Incident response has been the cornerstone of reliability for decades. From digging in the server logs to navigating modern observability dashboards, responding quickly to incidents and outages is a big part of minimizing downtime. And it should be! When something breaks, your team should move as quickly as possible to address and repair the problem.

But building a reliability practice around observing and reacting alone isn’t enough anymore. Today’s architectures are complex and ephemeral. Every feature or application requires a string of connected services to keep it going, each with their own host of potential issues just waiting to bring it down. Layer in automation, such as spinning down a Kubernetes node and replacing it, and the amount of variables that could lead to an outage increases exponentially. And that’s before you account for teams constantly shipping new code.

It’s not enough to build your reliability practice around incident response. If you want to be able to give your customers the availability they need, then you need to proactively build resiliency and prevent outages before they happen with reliability testing.

You have to stop fighting fires all the time

When an outage fire flares up, you have to fight it—and fast. But what about when there isn’t an outage? If your reliability strategy is built entirely around improving your reaction time, then your team will always have the pressure of another outage hanging over their head. Between the emotional and cognitive costs of stress, you’ll end up with a team that’s always on edge. Something could break at any time, they just don’t know what or when.

And to make matters worse, it’s incredibly difficult to show positive progress over time when your team is only resolving incidents. And if you’ve been spending precious engineering resources scrambling to fix problems instead of releasing new features, it can lead to more than your fair share of awkward review conversations.

This approach is unsustainable. It leaves your team in a perpetual cycle of incident response and firefighting that only gets worse. The engineers on your team will feel burned out and underappreciated. And you’ll have a harder time proving your team is actively creating value.

Get ahead of incidents and outages

What if there was a different, proactive way to improve reliability?
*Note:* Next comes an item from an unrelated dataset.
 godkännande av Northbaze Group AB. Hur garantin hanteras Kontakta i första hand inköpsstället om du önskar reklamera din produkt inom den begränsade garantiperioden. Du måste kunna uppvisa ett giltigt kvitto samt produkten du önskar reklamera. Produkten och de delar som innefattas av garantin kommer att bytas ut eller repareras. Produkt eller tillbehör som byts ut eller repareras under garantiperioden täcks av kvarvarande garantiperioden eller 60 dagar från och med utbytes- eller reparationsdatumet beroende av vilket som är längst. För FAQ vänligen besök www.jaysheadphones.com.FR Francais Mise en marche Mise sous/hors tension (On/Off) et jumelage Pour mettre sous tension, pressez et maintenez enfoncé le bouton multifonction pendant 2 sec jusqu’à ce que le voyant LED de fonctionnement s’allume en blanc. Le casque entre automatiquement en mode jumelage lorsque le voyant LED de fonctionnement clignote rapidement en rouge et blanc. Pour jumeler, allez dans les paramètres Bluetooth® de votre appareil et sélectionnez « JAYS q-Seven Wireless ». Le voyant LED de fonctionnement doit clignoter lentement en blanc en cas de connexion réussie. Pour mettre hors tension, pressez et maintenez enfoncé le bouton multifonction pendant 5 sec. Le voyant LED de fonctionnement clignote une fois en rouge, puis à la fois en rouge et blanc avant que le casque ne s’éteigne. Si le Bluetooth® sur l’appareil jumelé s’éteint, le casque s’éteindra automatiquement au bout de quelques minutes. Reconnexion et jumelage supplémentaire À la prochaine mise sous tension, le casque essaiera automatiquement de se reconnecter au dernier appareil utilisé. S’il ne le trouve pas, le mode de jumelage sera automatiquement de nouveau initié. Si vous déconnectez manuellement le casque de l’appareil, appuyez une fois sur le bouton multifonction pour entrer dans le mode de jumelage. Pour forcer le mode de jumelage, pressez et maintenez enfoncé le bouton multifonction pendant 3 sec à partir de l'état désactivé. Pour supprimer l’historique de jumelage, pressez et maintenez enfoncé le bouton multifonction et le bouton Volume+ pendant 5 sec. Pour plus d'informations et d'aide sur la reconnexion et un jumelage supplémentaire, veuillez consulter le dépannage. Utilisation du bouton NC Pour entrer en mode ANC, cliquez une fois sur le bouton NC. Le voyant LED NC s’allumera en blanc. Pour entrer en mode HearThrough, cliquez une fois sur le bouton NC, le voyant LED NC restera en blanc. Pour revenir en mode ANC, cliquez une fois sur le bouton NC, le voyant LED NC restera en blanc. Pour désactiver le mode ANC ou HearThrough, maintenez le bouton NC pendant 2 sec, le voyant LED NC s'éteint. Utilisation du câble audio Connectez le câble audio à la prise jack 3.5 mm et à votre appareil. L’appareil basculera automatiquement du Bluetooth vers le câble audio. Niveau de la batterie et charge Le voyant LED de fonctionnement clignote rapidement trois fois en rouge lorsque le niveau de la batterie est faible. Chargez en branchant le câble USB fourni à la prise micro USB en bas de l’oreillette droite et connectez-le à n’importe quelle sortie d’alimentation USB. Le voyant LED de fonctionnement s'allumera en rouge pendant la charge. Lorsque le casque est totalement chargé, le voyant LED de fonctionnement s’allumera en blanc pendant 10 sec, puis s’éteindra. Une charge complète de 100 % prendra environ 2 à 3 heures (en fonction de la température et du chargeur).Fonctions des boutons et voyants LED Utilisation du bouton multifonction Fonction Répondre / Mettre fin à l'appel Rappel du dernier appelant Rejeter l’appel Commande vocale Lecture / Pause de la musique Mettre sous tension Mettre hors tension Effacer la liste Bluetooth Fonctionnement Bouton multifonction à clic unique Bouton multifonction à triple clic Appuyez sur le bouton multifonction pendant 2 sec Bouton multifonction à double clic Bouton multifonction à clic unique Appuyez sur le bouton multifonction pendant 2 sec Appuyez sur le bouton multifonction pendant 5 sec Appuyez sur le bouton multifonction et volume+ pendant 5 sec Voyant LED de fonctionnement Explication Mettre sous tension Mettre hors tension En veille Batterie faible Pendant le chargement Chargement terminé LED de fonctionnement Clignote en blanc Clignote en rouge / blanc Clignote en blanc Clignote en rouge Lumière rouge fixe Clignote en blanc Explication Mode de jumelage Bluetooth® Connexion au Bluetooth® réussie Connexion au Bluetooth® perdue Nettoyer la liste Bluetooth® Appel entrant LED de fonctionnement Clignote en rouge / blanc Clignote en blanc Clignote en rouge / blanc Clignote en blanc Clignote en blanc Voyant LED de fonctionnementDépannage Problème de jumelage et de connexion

One where you could walk into reviews saying, “My team increased the reliability of critical services by 50%,” and back it up with data? When you build a proactive reliability strategy, your goal is to document the reliability status of your systems, spot reliability risks, and stop damaging outages before they happen.
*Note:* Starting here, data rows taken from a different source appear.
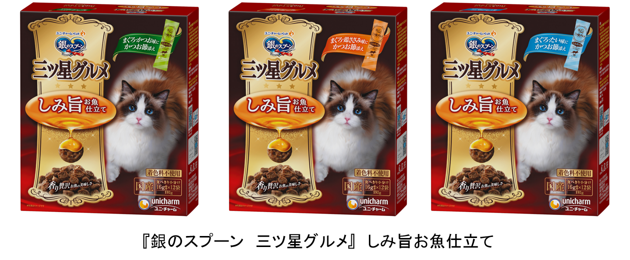 ユニ・チャーム株式会社(代表取締役 社長執行役員:高原豪久)は、愛猫の「食事に飽きっぽいことが気になる」という飼い主様の悩みにお応えし、『銀のスプーン 三ツ星グルメ』から「しみ旨お魚仕立て」を、2023年3月13日に全国で発売します。
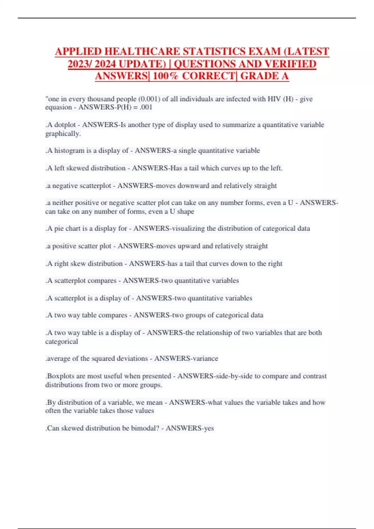 APPLIED HEALTHCARE STATISTICS EXAM (LATEST 2023/ 2024 UPDATE) | QUESTIONS AND VERIFIED ANSWERS| 100% CORRECT| GRADE A
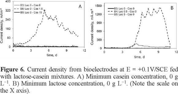 The current density without casein or lactose, i.e., the current due to the humic substances, decreased from 10 to 2 mA m−2 in 4 d. Therefore it was assumed that humic substances did not participate in the current measurements.
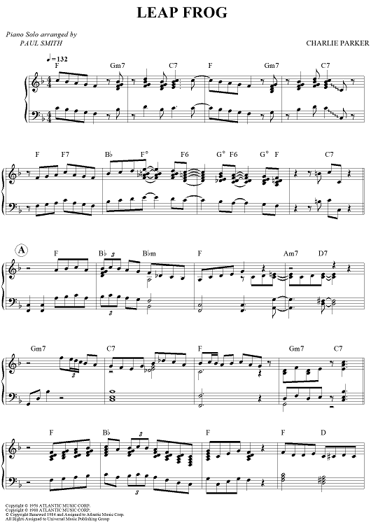 Digital Sheet Music for Leap Frog by Charlie Parker, Paul Smith scored for Piano Solo; id:442083
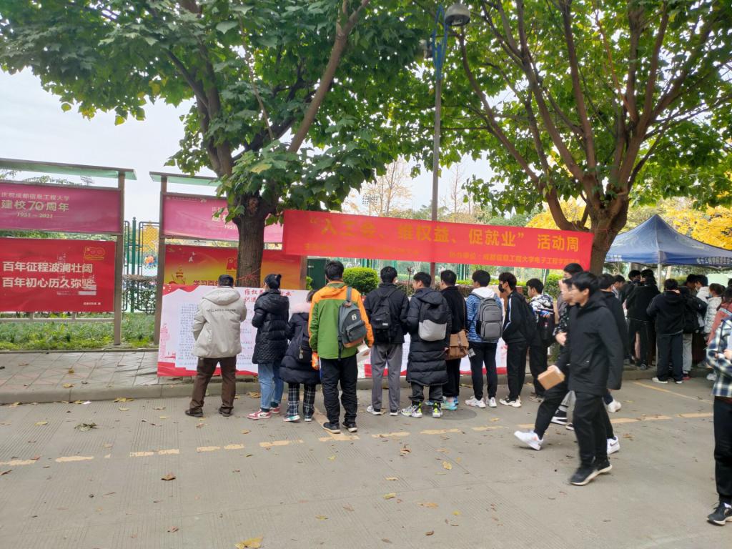 【本网讯】成都信息工程大学校工会于11月29日中午,在银杏大道路口进行 “入工会,维权益,促就业”工会知识校园宣传摆点活动,活动由成都信息工程大学校工会主办,由成都信息工程大学Betway体育西汉姆联团委协办。本次活动是校工会持续开展的一项旨在促进大学生就业、普及大学生维权常识的一项重要服务活动,也是工会维护职能、建设职能、参与职能、教育职能的进一步延伸。

And by prioritizing fixes and integrating them into your sprints, you can improve reliability on your schedule. Not only will your teams be able to use their resources more effectively, but you’ll also be able to demonstrate that you’ve created a positive impact on reliability and availability. It might sound like a huge lift, but with the right model and tools, a proactive reliability practice can be easily integrated into your current processes and shift your efforts from reaction to prevention.

Since 2016, Gremlin has worked with Reliability Engineering teams at hundreds of companies in virtually every environment. We’ve worked with and helped companies define some of the most mature reliability and Chaos Engineering organizations in the world. And our team of reliability experts have come up with a simple, spreadsheet-based way to track the reliability of your systems and align your teams.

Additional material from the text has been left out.